Espaço Associados



       Pelos milhões, chutar, chutar

PÚBLICO -04/09/2009-pag.36



“É uma questão estrutural na área específica da finalização”.

Com esta frase, racional e racionalizante, está-se a falar de quê? Do acabamento, na produção de panelas de pressão? De um supermercado e da importância das(os) operadoras(es) caixa?.

Nada disso. É o seleccionador nacional de futebol, corroborado pelo presidente da FPF, a propósito da contratação de (mais) um estrangeiro, Liedson, para a selecção portuguesa de futebol. Com o que, indo directo ao assunto, estou em desacordo.

Não por azedume pseudo “intelectual” contra o futebol, de que sou adepto. Muito menos por qualquer facciosismo clubístico.

Respeito muito e, por princípio, considero benvindos todos os imigrantes (e muito especialmente os brasileiros). Neste aspecto, a minha posição resumiu-a já Mia Couto: se um país tem muitos homens, um homem tem muitos países. Só que – salta aos olhos, pelo tempo e modo como foram feitas – esta e outras contratações para a selecção não se integram no conceito humano, social, ideológico, de imigração. O que lhe subjaz é, apenas, a mercantilização que do (no) futebol impera, os interesses dos milhões que aí estão implicados.

Houveram, claro, as convenientes “naturalizações” (ou “aquisições de nacionalidade”). Mas, neste campo, o que, para mim, caracteriza o “nacional” das selecções não é a legalidade da “aquisição” da nacionalidade mas a genuinidade desta.

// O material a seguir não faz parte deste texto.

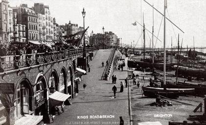 | Keywords: Kings Road and beach Brighton East Sussex England 1895.jpg Brighton East Sussex England Card postally franked 1895 and taken by E T Tuffin photographer of 50 King's Road the building at the extreme left of the picture 2016-01-11 19 39 15 Vintage postcard 1895 or before E T Tuffin 50 King's Road Brighton other versions PD-old-70-1923 Brighton East Sussex History of Brighton Postcards of Sussex Boats on beaches Boats in East Sussex Beaches of Brighton and Hove Promenades in England ImageNote 1 2 14 65 328 1579 961 2 E T Tuffin's photographic studios at 50 King's Road; in 2015 a fish'n'chip shop with accommodation flats above ImageNoteEnd 1 ImageNote 2 713 264 158 99 1579 961 2 Queens Hotel 2015 ImageNoteEnd 2 ImageNote 3 1048 357 521 36 1579 961 2 Palace Pier ImageNoteEnd 3 |

E quanto à racionalização produtivista, mercantil e tecnocrata destas situações, ainda para mais num campo tão pouco racional como este é, até o principal mentor teórico da “racionalidade” reconheceu os absurdos onde nos podem levar os seus excessos.

Por exemplo, ao absurdo contraste entre este tipo de contratações e as bandeirinhas nacionais “de” Scolari.

Ou ao de uma selecção “nacional” de onze (ou mais) não nacionais, ainda que com “nacionalidade adquirida”.

Ou, ainda, ao de vermos brasileiros constrangidos a cantarem “(...) contra os canhões, marchar, marchar”, quando o que para eles (e nós) é natural é que cantem ”(...) pátria amada, Brasil!”.

E tudo porque só foram contratados para a selecção para, pelos milhões, chutar, chutar!.